I presume "parallel to the main program" means garbage collection occuring
in a separate thread to the main vm thread, potentially resulting in
very low main program pause times for garbage collection.

I found this a useful summary of the terminology...
* https://www.dynatrace.com/resources/ebooks/javabook/reduce-garbage-collection-pause-time/
and I'm curious how our planned Incremental CG fits those categories.
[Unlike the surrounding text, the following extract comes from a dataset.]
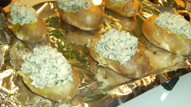 Lorsqu'elles sont cuites, sortez les pommes de terre du four, ôtez la feuille d'aluminium, à l'aide d'une cuillère creusez-les en prélevant un peu de chair.

That article got me contemplating our performance constraint of the VM only
operating in only in a single native thread. Even though GC is a only
a few percent of performance, I wondered what a concurrent GC might
look like for us.

I found this video describing concurrent GC in Go (ignore first 11:20
and the second half was not so interesting)
* https://pusher.com/sessions/meetup/the-realtime-guild/golangs-realtime-garbage-collector
where they present some interesting charts of their concern with latency pauses.
(btw they reference a multi-language GC latency benchmark
  https://github.com/WillSewell/gc-latency-experiment)

And for balance of that I found...
https://blog.plan99.net/modern-garbage-collection-911ef4f8bd8e


And then my mind wandered around implementation details of concurrent
garbage collection.
To organise and quiet my thoughts I needed to put pen to paper, so I
thought sharing that
might stir thoughts for others.  Probably naive and please excuse the
brain dump format...


Considering two threads...
* Main program thread "MP"
* Garbage collection thread "GC"
with object-space shared between them, consisting of objects split in
object-header & object-body...

1. Only "MP" mutates the object-body, updating slots creating new edges
   in the object-graph, and relocating objects in memory using forwarders.
   This rule avoids potential race conditions without needing to add
   synchronisation code affecting performance of "MP".


2. Concurrently "GC" performs a Marking Phase by following the object-graph
   tricolour tagging objects gray & black. it needs to mutate the object-header,
   in a synchronised way something like...
     a. Load object-header from shared object-space into local variable
          H <== object-header
     b. Modify header into another local variable
          H' <== H + updated GC color bits
     c. Atomic compare-and-swap H' back into object-space
          object-header <== if H then H'
     "MP" gets priority. Conflicts presumed rare.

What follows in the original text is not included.